In recent years, the use of multiple classes of molecular markers has proved highly effective in elucidating phylogeographic histories of freshwater fish (Hanfling et al., 2002; Koskinen et al., 2002). Specifically for Atlantic salmon, the differing yet complementary properties of microsatellite and mitochondrial DNA (mtDNA) have led to robust inferences of phylogeographic histories in the Baltic Seas and northern Europe (Säisä et al., 2005; Tonteri et al., 2005). Our aim, therefore, was to utilise these markers to resolve the phylogeographic history of Atlantic salmon in northwest Europe, by identifying refugial locations and determining colonisation pathways. Specifically, the null hypothesis (H0) to be tested was that salmon colonising northwest Europe expanded out of a single refuge located in the Iberian Peninsula, with alternate hypotheses of salmon residing in additional glacial refugia located north of the Iberian peninsula (in northwest France and/or UKSouth; H1A) and/or in the southern North Sea (H1B). Subsequently, we aim to reconstruct the colonisation pathways of Atlantic salmon into Britain and Ireland from these potential source location(s).

Materials and Methods

Sample collection

In this study, 723 specimens of Atlantic salmon were collected from 21 rivers that drain into the east coast of the Atlantic Ocean, including the English Channel, the Irish Sea and the Bay of Biscay (Figure 1 and Table 1). The majority of sampling was carried out in 2004 and 2005 during routine juvenile salmon abundance surveys and targeted 1+ parr. The exceptions are the French specimens, which were sampled as scales from rod-caught adult salmon in 2005.

Figure 1
figure 1

Sampling locations and ND1 haplotype frequencies. Population ID follows Table 1; composite haplotypes derived from the restriction enzymes HaeIII, HinfI, AvaII and RsaI.

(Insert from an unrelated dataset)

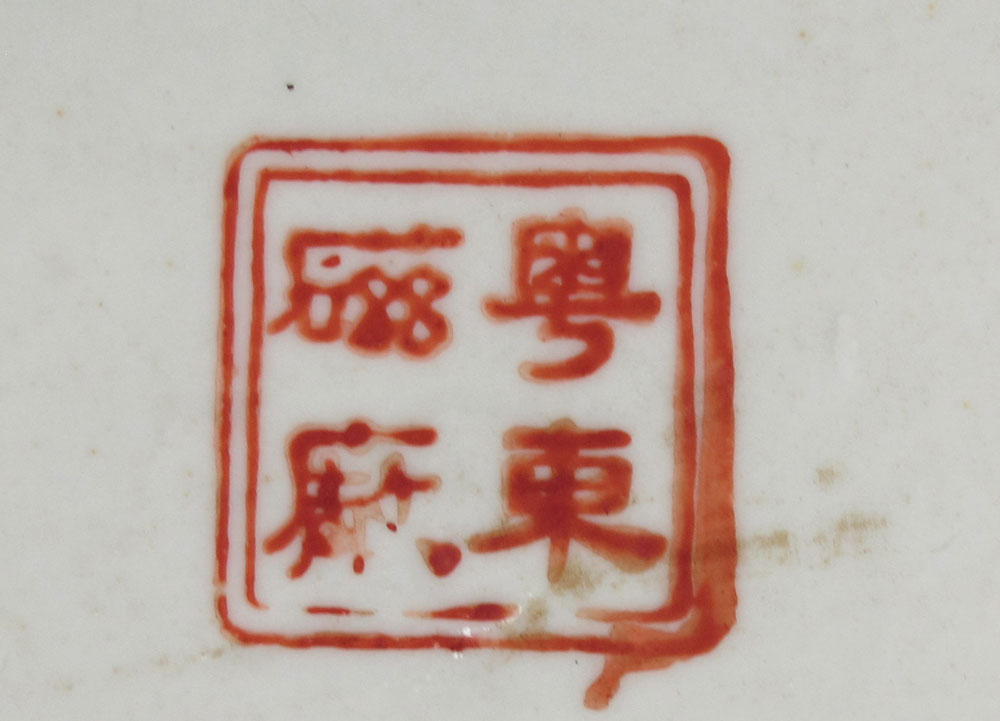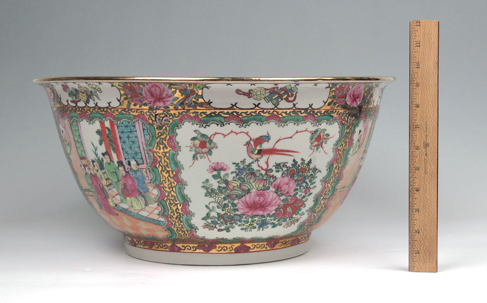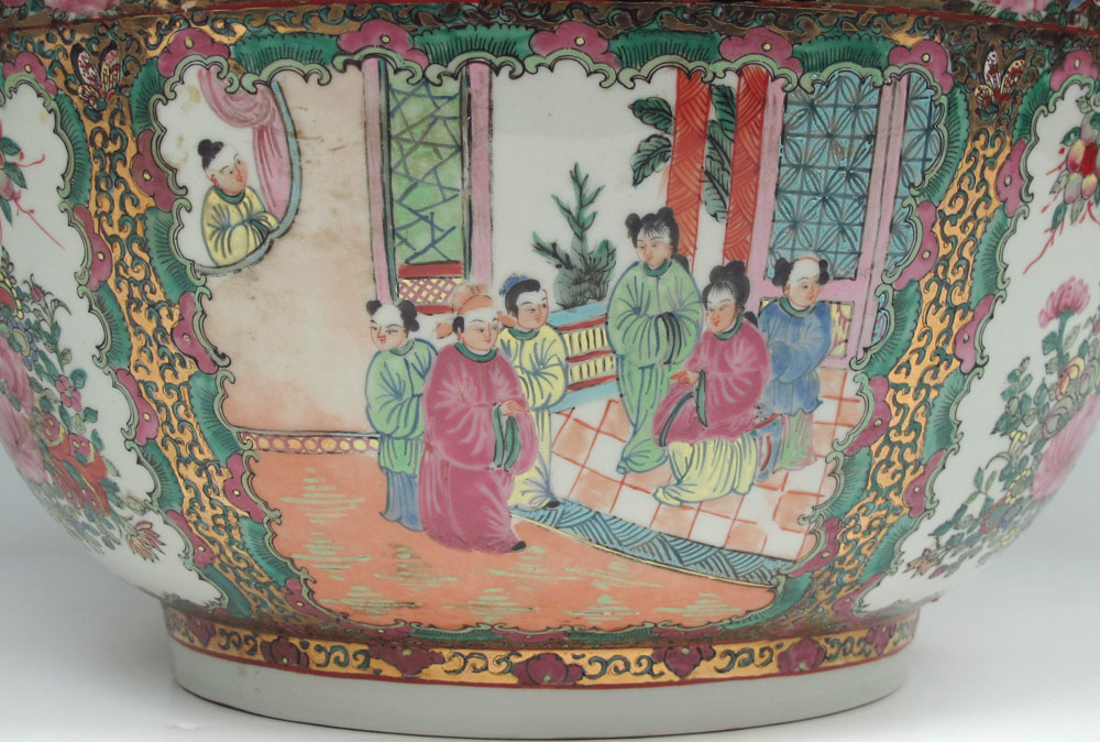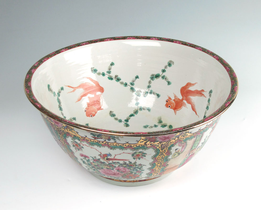 LARGE CHINESE ROSE MEDALLION BASIN BOWL: Approx. 20'' dia. x 9.5'' deep. Interior Koi decoration.
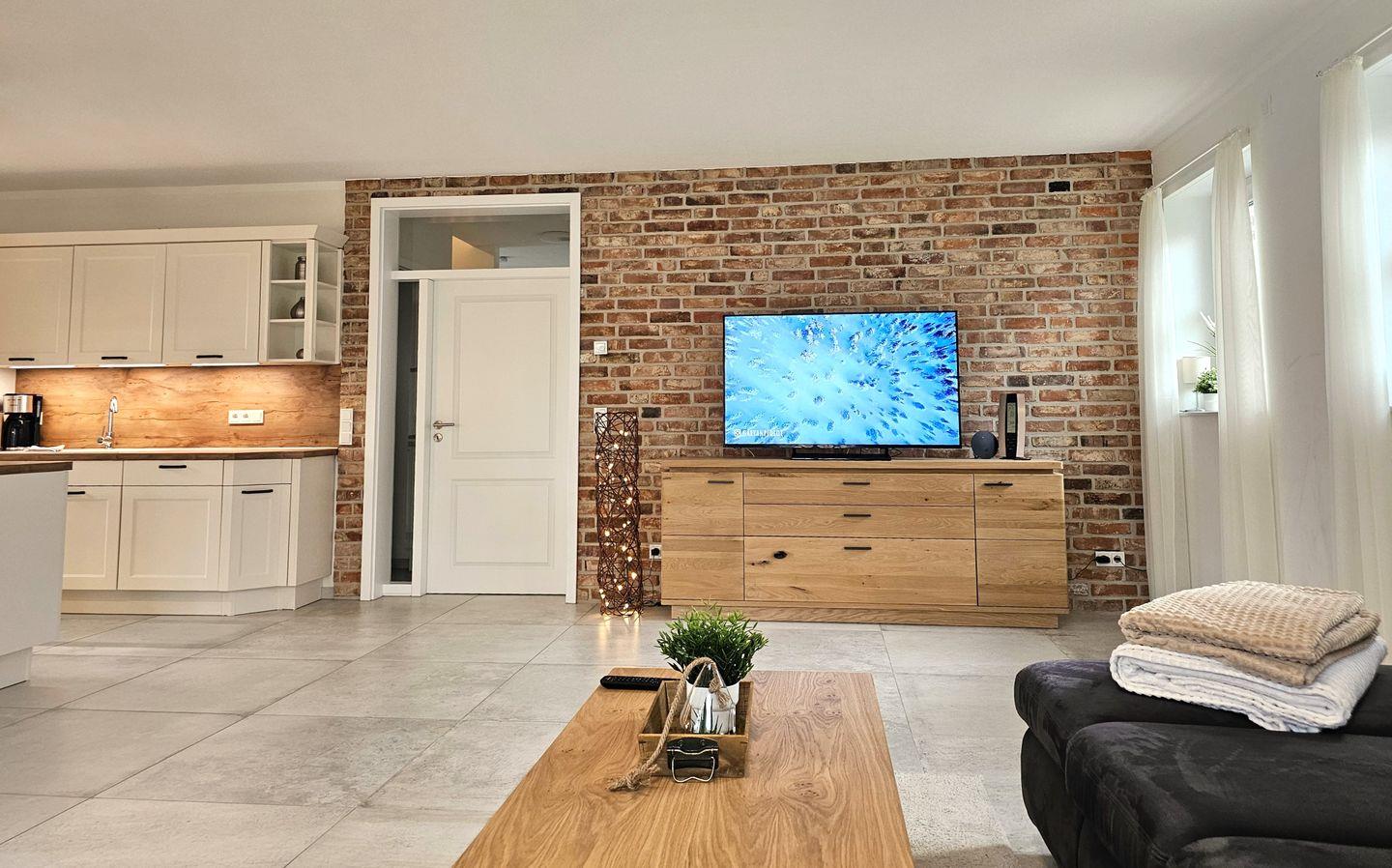 Der große helle Hauptbereich wird durch das gemütliche Wohnzimmer, der erstklassig ausgestatteten Küche, u.a. ThermoMix und dem Essbereich mit einem großen rustikalen Holztisch gebildet. Hier kann gemeinsam gekocht, gegessen, gespielt und gemütlich gechillt werden.

Table 1 Genetic diversity indices for microsatellite data, mtDNA RFLP data and mtDNA RFLP haplotype frequencies

DNA analysis: microsatellites

Genomic DNA was extracted from scales or fin clips of Atlantic salmon according to a Chelex resin protocol (Estoup et al., 1996). Genotypes were determined at 12 microsatellite loci: Ssa157a, SsaD144b (King et al., 2005), Ssa197, Ssa202, Ssa171 (O’Reilly et al., 1996), SSsp2210, SSsp1605, SSsp2201, SSspG7 (Paterson et al., 2004), Ssa289 (McConnell et al., 1995) and SSOSL417, SSOSL85 (Slettan et al., 1996).

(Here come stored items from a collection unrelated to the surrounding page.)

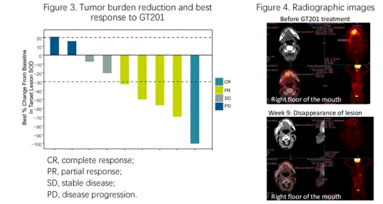 在临床数据方面,GT201 已在多个实体瘤适应症中展示了扎实的疗效。ASCO 2025 年会上公布的数据显示,9 例可评估的晚期实体瘤患者中,GT201 实现了 55.6% 的客观缓解率和 77.8% 的疾病控制率,尤其是在头颈鳞癌和非小细胞肺癌中表现突出。其中一例来自上海交通大学医学院附属第九人民医院的 61 岁男性患者(该患者为多线治疗失败的晚期口底癌伴颈部多发淋巴转移),在接受 GT201 回输后仅 3 周即达到部分缓解,第 9 周随访时影像学显示所有病灶完全消失,达到完全缓解。安全性方面,未观察到与 GT201 直接相关的 3 级以上不良事件。
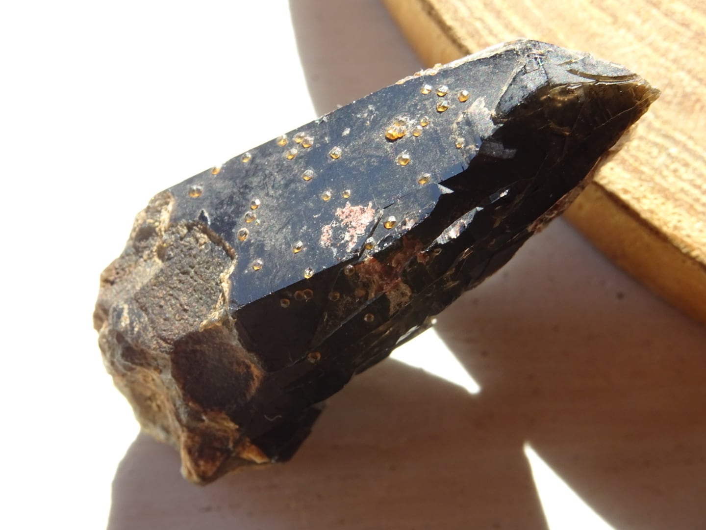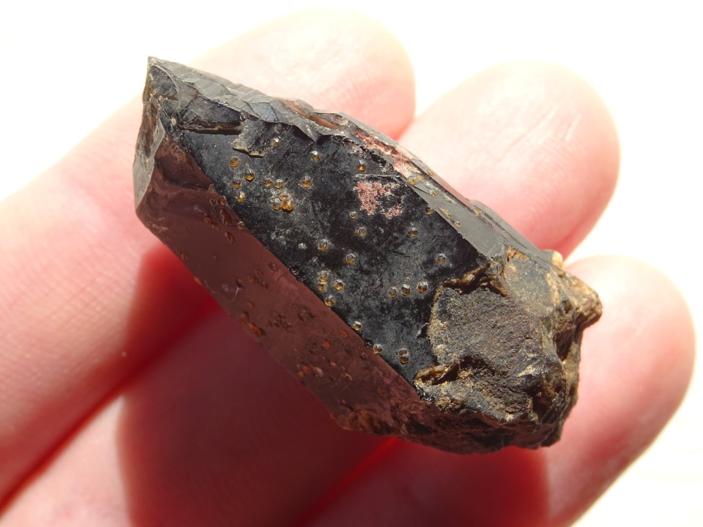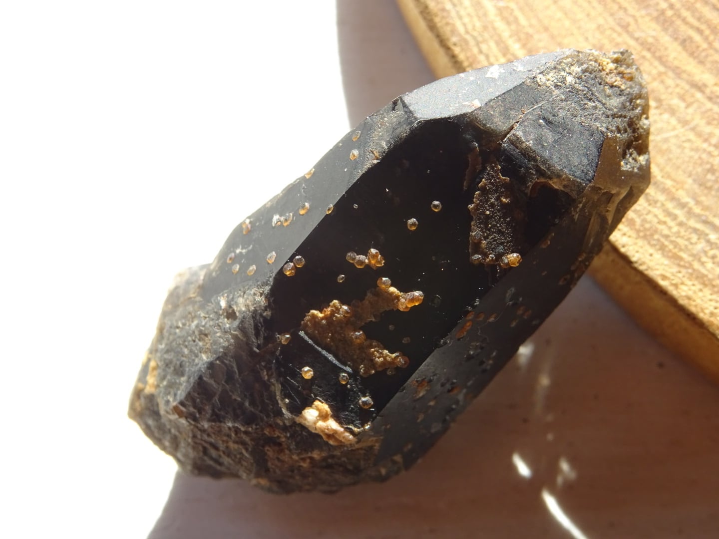 こちらは黒水晶にオレンジ・レッドのスペサルティンガーネットが粒状に共生している1点。
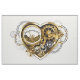 Mechanical, volumetric, steampunk heart with pressure gauge, steel and gold gears on white background. Steampunk style.
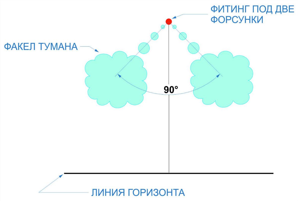 Это распыление воды через специальные форсунки, диаметр пропускного отверстия которых настолько мал, что в совокупности с высоким давлением насоса позволяет расщеплять воду на мелкие частицы, размер которых может достигать от 5 до 10 микрон. Таким образом, образуемый водяной туман охлаждения разлетается под воздействием естественных потоков воздуха и решает сразу несколько задач:
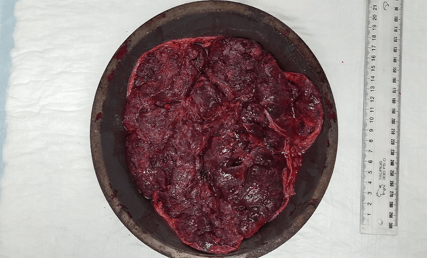 It’s usually about half a kilogram in weight, so it’s a pretty solid guy. Placentas from babies with growth-restriction tend to be smaller, so they’re often 250 grams. Normal placentas are around 400 to 500 grams. It’s probably the size of a small dinner plate and 2.5cm thick.

Microsatellite analysis followed the protocol of Griffiths et al. (2010). Polymerase chain reactions (PCRs) were carried out in 10 μl reaction volumes and standard PCR reagents were used in a mixture containing 50–100 ng DNA, 0.5 μM of each primer, 1.5 mM MgCl2, 200 μM of each dNTP, 1 × reaction buffer and 0.5 U of Taq DNA polymerase (Bioline, London, UK). The PCR amplification profile consisted of a single denaturing step lasting 3 min at 94 °C, followed by 30 iterations of: 94 °C for 30 s, an annealing step of 30 s at 53–58 °C, depending on the locus being amplified (see Supplementary Information and Supplementary Table 1), and 72 °C for 30 s, with a single final elongation step of 72 °C for 10 min. Primer annealing temperatures for each locus are given in the Supplementary Information and Supplementary Table 1; see Finnegan and Stevens (2008) for additional details.

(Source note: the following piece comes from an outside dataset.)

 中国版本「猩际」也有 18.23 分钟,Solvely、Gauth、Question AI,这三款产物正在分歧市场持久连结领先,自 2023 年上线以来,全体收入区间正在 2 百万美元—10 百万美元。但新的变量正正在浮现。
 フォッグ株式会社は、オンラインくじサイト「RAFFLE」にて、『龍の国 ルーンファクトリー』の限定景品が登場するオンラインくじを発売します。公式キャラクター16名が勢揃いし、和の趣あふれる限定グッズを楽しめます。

Size determination of the labelled PCR products was performed using a Beckman-Coulter CEQ 8000 automated DNA sequencer with an internal size standard, according to the manufacturer’s instructions. The raw data were analysed with the platform’s associated fragment analysis software (Beckman-Coulter, High Wycombe, UK).

DNA analysis: mtDNA RFLPs

The NADH dehydrogenase subunit I (ND1) region of mtDNA was amplified using the primers of Hall and Nawrocki (1995), as modified by Nilsson et al. (2001). The 30 μl reaction volume contained 0.25 U of Taq DNA polymerase (Bioline), 1 × reaction buffer, 0.2 mM dNTP, 2 mM MgCl2 and 0.5 μM of each primer and approximately 50 ng of purified template DNA. PCR amplification consisted of an initial denaturation step of 95 °C for 3 min, followed by 35 cycles of 95 °C for 30 s, 58 °C for 45 s and 72 °C for 60 s, concluding with a final extension phase of 5 min at 72 °C.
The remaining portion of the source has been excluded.